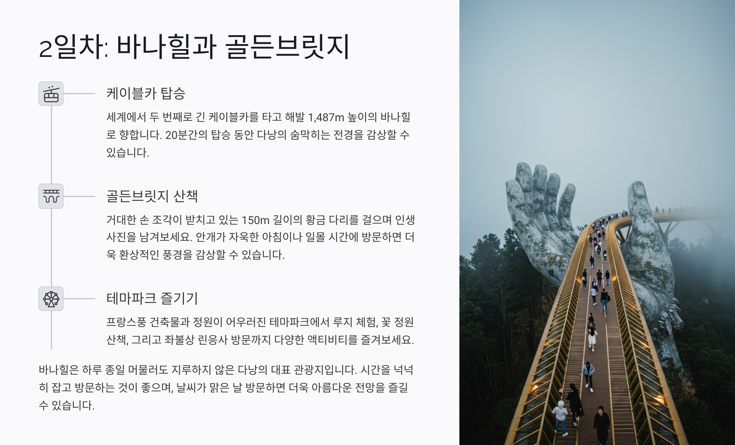 2일차 코스는 조금 빡빡하지만, 다낭 여행의 핵심을 제대로 담고 있어요. 바나힐은 정말 영화 속 한 장면처럼 낭만적인 장소니까, 꼭 여유롭게 즐기고 오세요 💖
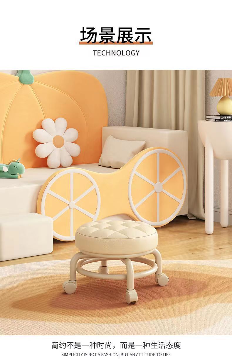 유니버설 휠 작은 의자 조용한 모바일 등받이 가구 슬라이딩 의자 거실 커피 테이블 낮은 의자 아기의 학습 의자 가죽 의자
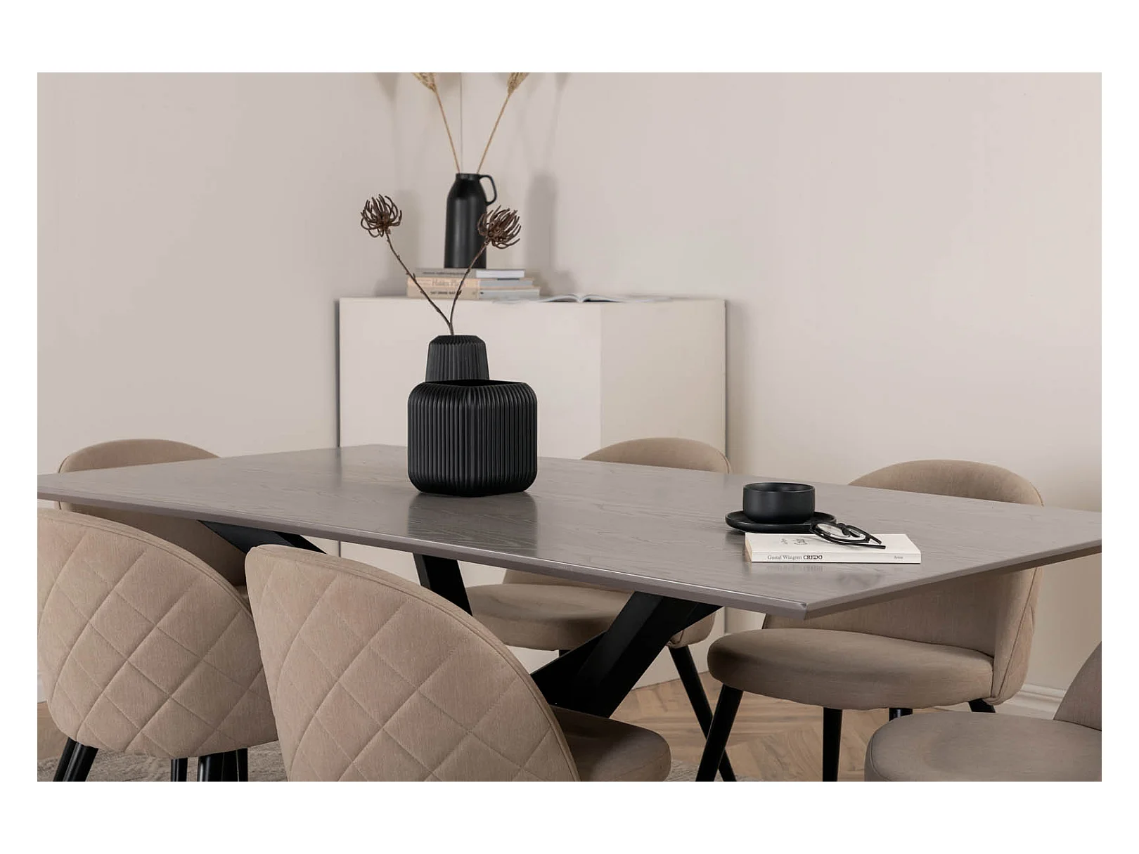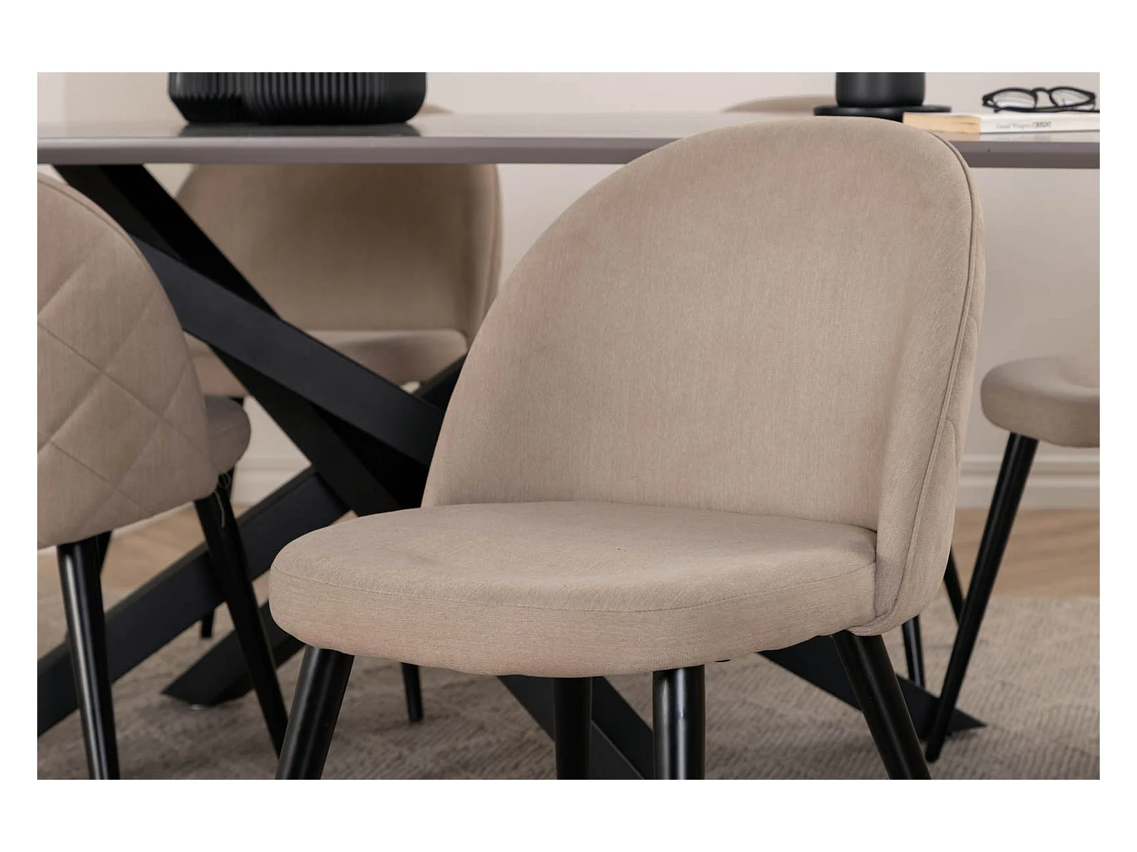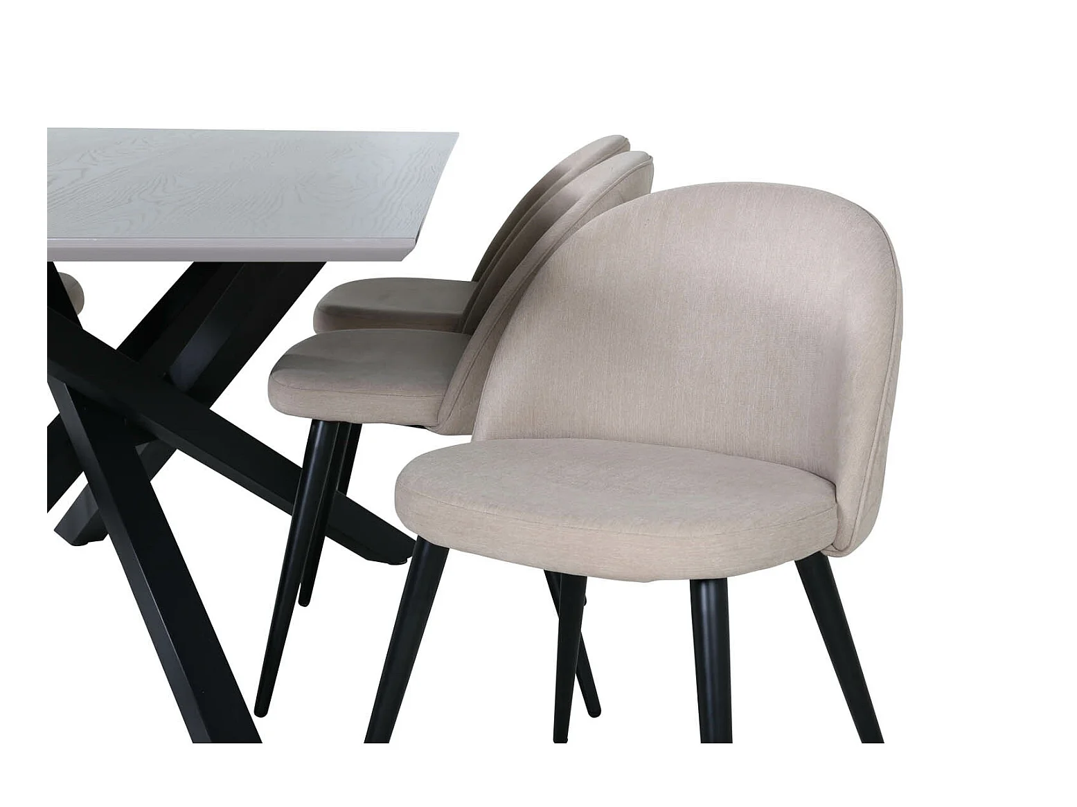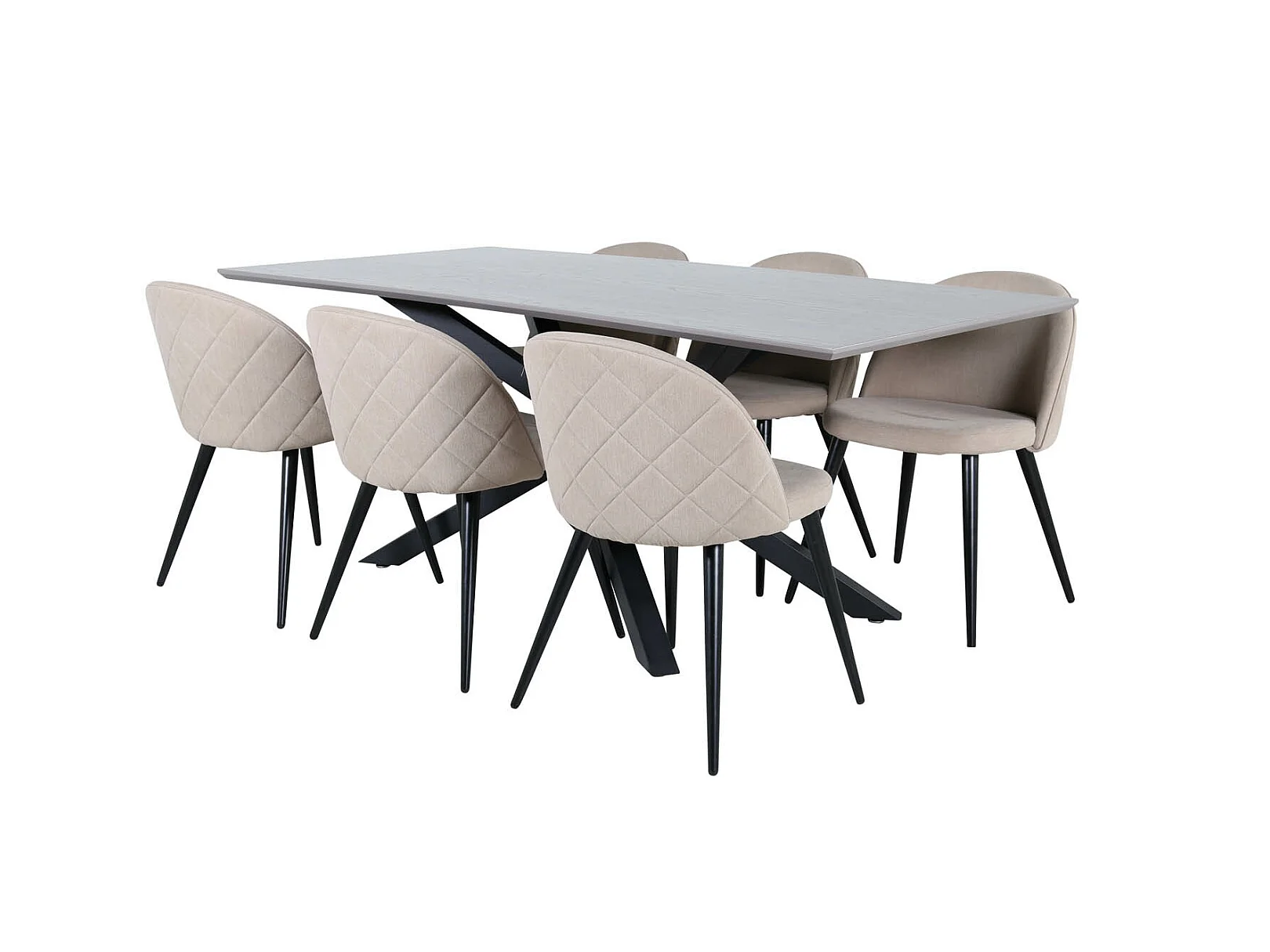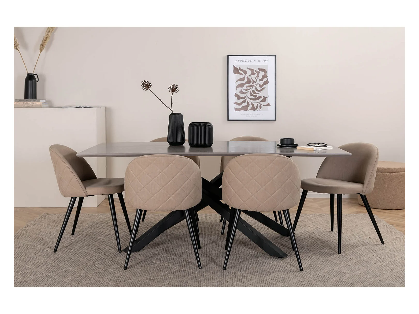 PiazzaGRBL ensemble table, table gris et 6 Velvet Stitches chaises beige.
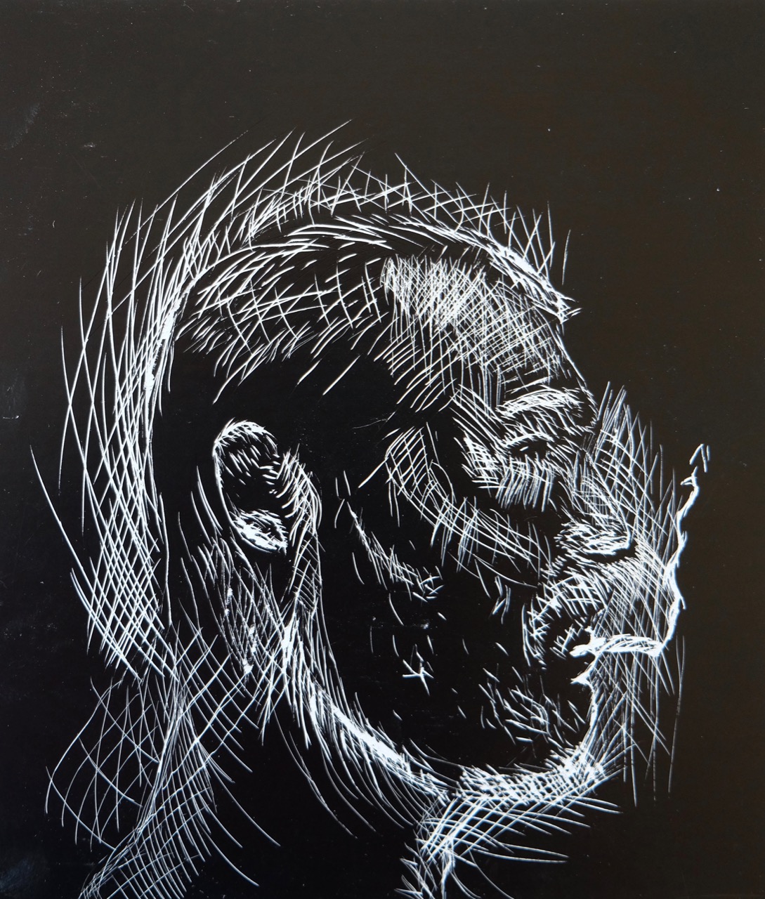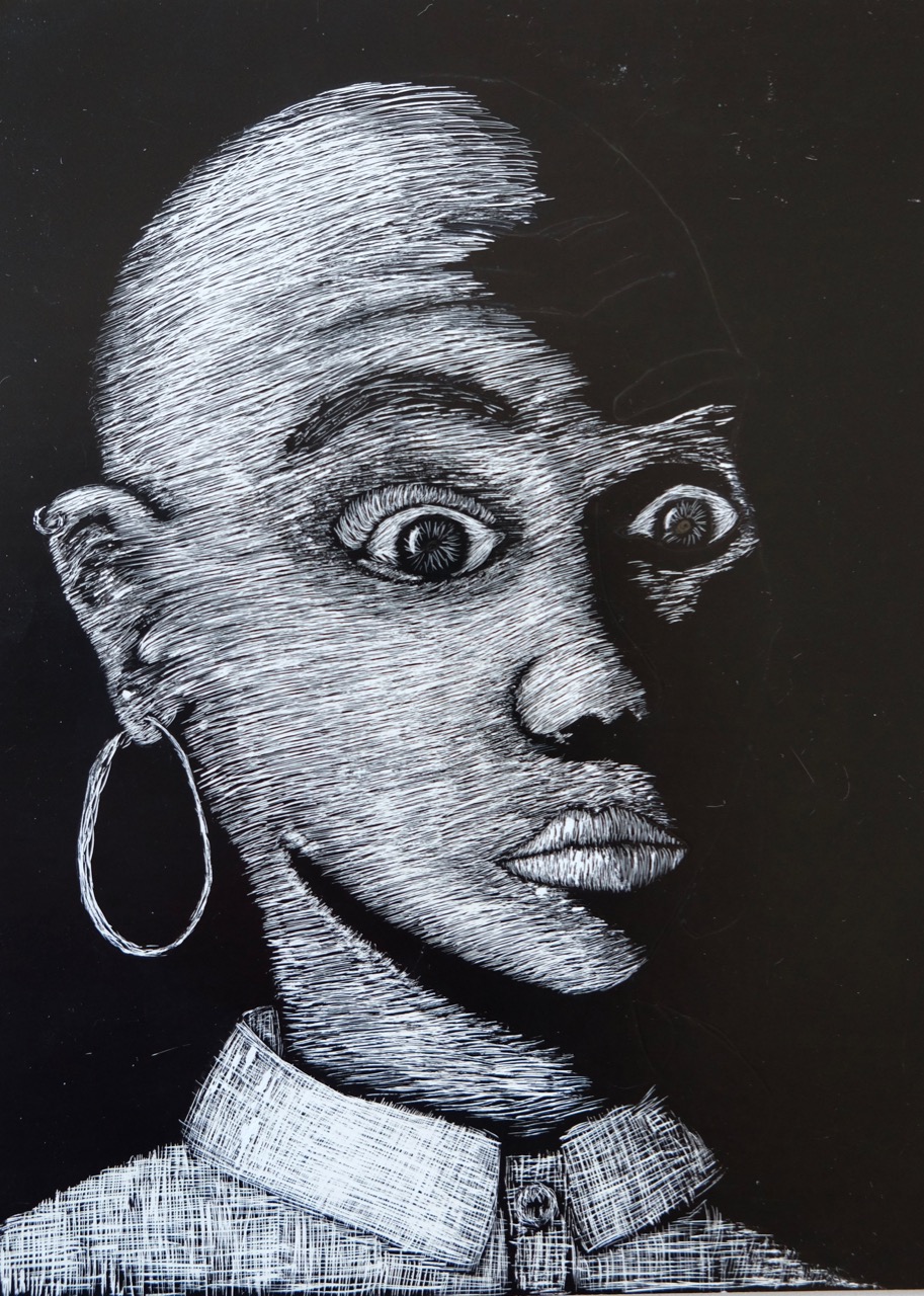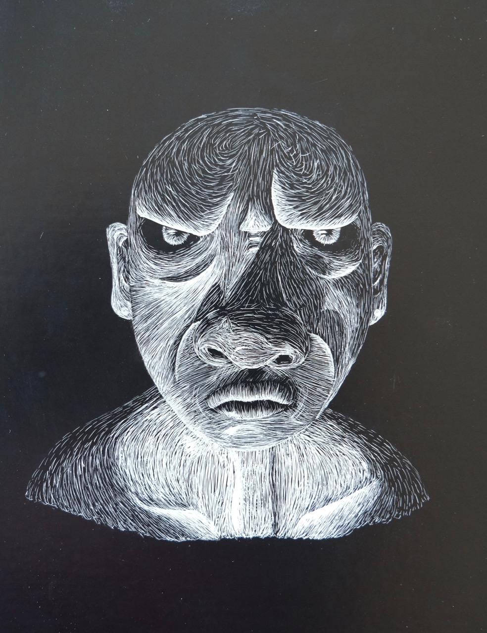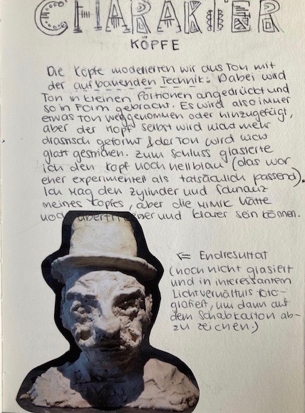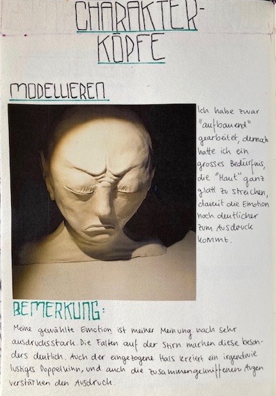 Die Klasse 4a modellierte Charakterköpfe zu einer selbst erprobten Mimik. Die Köpfe wurden gezielt beleuchtet, fotografiert und anschliessend auf Schabkarton gezeichnet. Während der Umsetzungen konnten sich Mimik und Gesichtszüge laufend verändern.

### What is being asked
When you restate the listing, keep every word as it is and drop the pictures.

### Answer to this problem
 2일차 코스는 조금 빡빡하지만, 다낭 여행의 핵심을 제대로 담고 있어요. 바나힐은 정말 영화 속 한 장면처럼 낭만적인 장소니까, 꼭 여유롭게 즐기고 오세요 💖
 유니버설 휠 작은 의자 조용한 모바일 등받이 가구 슬라이딩 의자 거실 커피 테이블 낮은 의자 아기의 학습 의자 가죽 의자
 PiazzaGRBL ensemble table, table gris et 6 Velvet Stitches chaises beige.
 Die Klasse 4a modellierte Charakterköpfe zu einer selbst erprobten Mimik. Die Köpfe wurden gezielt beleuchtet, fotografiert und anschliessend auf Schabkarton gezeichnet. Während der Umsetzungen konnten sich Mimik und Gesichtszüge laufend verändern.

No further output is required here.